The goal is to create the following dashboard with the sidebar section on the left and the content section on the right.

In the previous part, we have completed the sidebar setup as shown in the figure below, and now we will create graphs in Plotly.

Create Graphs with Plotly

This dashboard will display the following four graphs.

  • Pie chart showing the distribution of target variable.
  • Bar chart showing the distribution of the categorical variable selected in the first drop-down list
  • Chart of probability distribution showing the distribution of the continuous variable selected in the second dropdown
  • Correlation matrix heatmap of multiple continuous variables selected in the third drop-down list

Except for the pie chart, callbacks are set up so that the graph is updated according to the selection in the Sidebar drop-down list, but first, create the graph in Plotly without thinking about callbacks.

Plotly Modules

Plotly has three modules: Plotly Express, Graph Objects, and Figure Factory. Since Plotly Express is the easiest way to draw graphs with the least amount of code, Plotly’s official recommendation is to use it as the first option. In this case, Plotly Express is used for the pie chart and the bar chart, and Figure Factory is used for the probability distribution and the heatmap.

Note: When drawing distributions, it is recommended to use histogram in Plotly Express, but since it does not support probability density distribution (KDE plot) as in this case, ff.create_distplot is used. And also, when drawing annotated heatmaps, it is recommended to use imshow in Plotly Express but in this case, it is not easy to remove the legend and set the color scale based on blue, so ff.create_annotated_heatmap is used. For more information on the Plotly module, please see the following article.

Import the necessary modules.

import plotly.express as px
import plotly.figure_factory as ff

Sidebar Section

First, the pie chart is used as an example to illustrate the process from graph creation to display in Dash. The percentage of the target variables 0 and 1 in the total is calculated and assigned to the pie variable, and the graph is assigned to the fig_pie variable.

df = pd.read_csv('data/data_sample.csv')

pie = df.groupby('target').count()['id'] / len(df)

fig_pie = px.pie(pie.reset_index(),
                 values='id',
                 names='target',
                 hole=0.3,
                 color_discrete_sequence=['#bad6eb', '#2b7bba'])

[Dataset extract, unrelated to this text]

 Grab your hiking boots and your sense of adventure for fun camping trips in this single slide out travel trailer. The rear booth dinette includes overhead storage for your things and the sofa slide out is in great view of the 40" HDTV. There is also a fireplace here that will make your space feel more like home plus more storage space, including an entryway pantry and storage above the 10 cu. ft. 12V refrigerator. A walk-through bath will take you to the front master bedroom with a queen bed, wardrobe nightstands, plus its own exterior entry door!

fig_pie.update_layout(width=320,
                      height=250,
                      margin=dict(l=30, r=10, t=10, b=10),
                      paper_bgcolor='rgba(0,0,0,0)',
                      )

Create a pie chart using px.pie. The first argument is a data frame containing the percentage and label [0,1] of each target variable. The values and names arguments specify the column name that contains the target variable percentage and label name. The hole argument sets the size of the hole in the center of the pie chart, and the last argument specifies the color of the marker in dictionary form. This time, all graph colors are blue. #bad6eb means relatively light blue and #2b7bba means relatively dark blue.

Next, use update_layout to set the details of the graph. Set the arguments as follows.

  • width: Graph Width
  • height: Graph Vertical
  • margin: Graph margins. l, r, t, b set left, right, top, and bottom margins, respectively.
  • paper_bgcolor: Graph background color. In this case, the background color of the Plotly graph is set to transparent because the background color of the Sidebar is already set to bg-light.

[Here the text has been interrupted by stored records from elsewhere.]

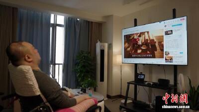▲癱瘓患者通過意念操控智能輪椅。 圖源/活動方供圖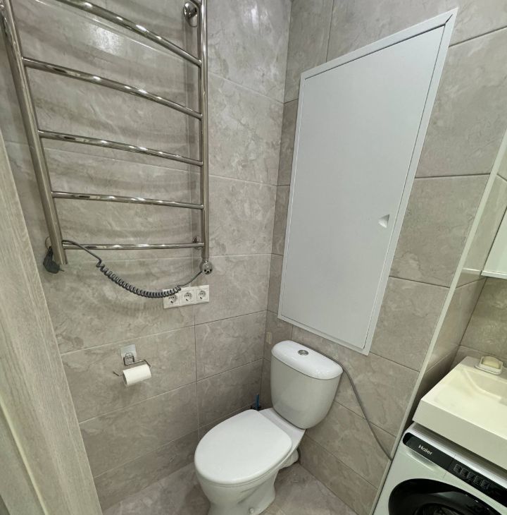 Квартира с евроремонтом, что заметно повышает комфорт проживания. Встроенная мебель на кухне и в комнате создает уютную атмосферу. В квартире есть вся необходимая техника: кондиционер, холодильник, посудомоечная и стиральная машины. Совмещенный санузел оборудован ванной. Также есть лоджия, где можно насладиться утренним кофе.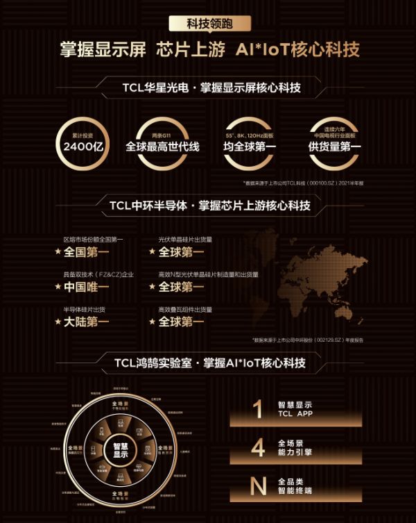 先从技术开始说起,首先就是依托TCL华星光电在显示屏核心科技上的推动,通过累计投资2400亿,打造出了两条G11全球最高世代线,且它所生产的55英寸、8K、120Hz面板均为全球杰出,而且如今已经连续6年中国电视行业面板供货量取得佳绩。另外一点则是在芯片上游核心科技上的推动,作为一家具备双技术(FZ&CZ)企业,TCL中环半导体拥有区熔市场份额,且其半导体硅片出货也取得佳绩,还有光伏单晶硅片出货量、高效N型光伏单晶硅片制造量和出货量、高效叠瓦组件出货量这三项均取得傲人成绩。最后则是AI×IoT核心科技上的推动,TCL鸿鹄实验室所打造出来的“1+4+N”智慧解决方案也赋予了智屏更强的市场竞争力。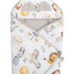 Zavinovačka 2v1 do autosedačky, kočíka, mušelín, bavlna – Hviezdne zvieratká – šedá, biela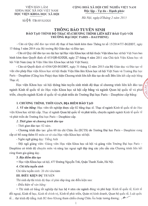 Thông báo tuyển sinh trình độ Thạc sĩ (chương trình liên kết đào tạo với trường đại học Paris - Dauphine)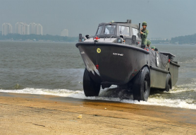 As always, safety is paramount when operating the LARC V - a craft that measures more than 10m in length. "On land and water, we always have other crew members helping us to keep a lookout to ensure that we stay safe," said Lance Corporal (LCP) Ananth s/o Asogan.

Set the pie chart to appear at the bottom of the Sidebar. Rewrite the last dbc.Row we created in the previous part as follows.

dbc.Row(
            [
                html.Div([
                    html.P('Target Variables', className='font-weight-bold'),
                    dcc.Graph(figure=fig_pie)
                    ])
                ],
            style={"height": "45vh", 'margin': '8px'}
            )

Simply add dcc.Graph and specify fig_pie as the figure argument. html.P and dcc.Graph components are enclosed in html.Div to avoid unnatural margins.

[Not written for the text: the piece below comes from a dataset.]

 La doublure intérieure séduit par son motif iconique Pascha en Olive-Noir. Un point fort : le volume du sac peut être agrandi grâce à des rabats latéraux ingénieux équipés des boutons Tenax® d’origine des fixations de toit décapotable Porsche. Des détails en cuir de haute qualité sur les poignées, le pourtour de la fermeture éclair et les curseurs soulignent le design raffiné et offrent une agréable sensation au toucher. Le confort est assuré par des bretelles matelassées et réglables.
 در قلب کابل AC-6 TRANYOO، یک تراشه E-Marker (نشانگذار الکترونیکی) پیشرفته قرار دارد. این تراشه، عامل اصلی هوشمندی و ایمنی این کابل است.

If we run the code here, we will see that the pie chart is displayed.

Content Section

Next, create a graph of the content section. Since this is before setting up the callbacks, we will create a bar chart for the categorical variable cat0, a probability distribution for the continuous variable cont0, and a correlation matrix heat map for all continuous and target variables. Create them with the variable names fig_bar, fig_dist, and fig_corr, respectively.

# bar chart
cat_pick = 'cat0'
bar_df = df.groupby(['target', cat_pick]).count()['id'].reset_index()
bar_df['target'] = bar_df['target'].replace({0: 'target=0', 1: 'target=1'})

fig_bar = px.bar(bar_df,
                 x=cat_pick,
                 y="id",
                 color="target",
                 color_discrete_sequence=['#bad6eb', '#2b7bba'])

fig_bar.update_layout(width=500,
                      height=340,
                      margin=dict(l=40, r=20, t=20, b=30),
                      paper_bgcolor='rgba(0,0,0,0)',
                      plot_bgcolor='rgba(0,0,0,0)',
                      legend_title=None,
                      yaxis_title=None,
                      xaxis_title=None,
                      legend=dict(
                          orientation="h",
                          yanchor="bottom",
                          y=1.02,
                          xanchor="right",
                          x=1
                          )
                      )

# Distribution Chart
cont_pick = 'cont0'
num0 = df[df['target'] == 0][cont_pick].values.tolist()
num1 = df[df['target'] == 1][cont_pick].values.tolist()

fig_dist = ff.create_distplot(hist_data=[num0, num1],
                              group_labels=['target=0', 'target=1'],
                              show_hist=False,
                              colors=['#bad6eb', '#2b7bba'])

fig_dist.update_layout(width=500,
                       height=340,
                       margin=dict(t=20, b=20, l=40, r=20),
                       paper_bgcolor='rgba(0,0,0,0)',
                       plot_bgcolor='rgba(0,0,0,0)',
                       legend=dict(
                           orientation="h",
                           yanchor="bottom",
                           y=1.02,
                           xanchor="right",
                           x=1
                           )
                       )

# Heatmap
corr_pick = vars_cont + ['target']
df_corr = df[corr_pick].corr()
x = list(df_corr.columns)
y = list(df_corr.index)
z = df_corr.values

fig_corr = ff.create_annotated_heatmap(
    z,
    x=x,
    y=y,
    annotation_text=np.around(z, decimals=2),
    hoverinfo='z',
    colorscale='Blues'
)
fig_corr.update_layout(width=1040,
                       height=300,
                       margin=dict(l=40, r=20, t=20, b=20),
                       paper_bgcolor='rgba(0,0,0,0)'
                       )

There are three areas that differ from the update_layout settings in the pie chart.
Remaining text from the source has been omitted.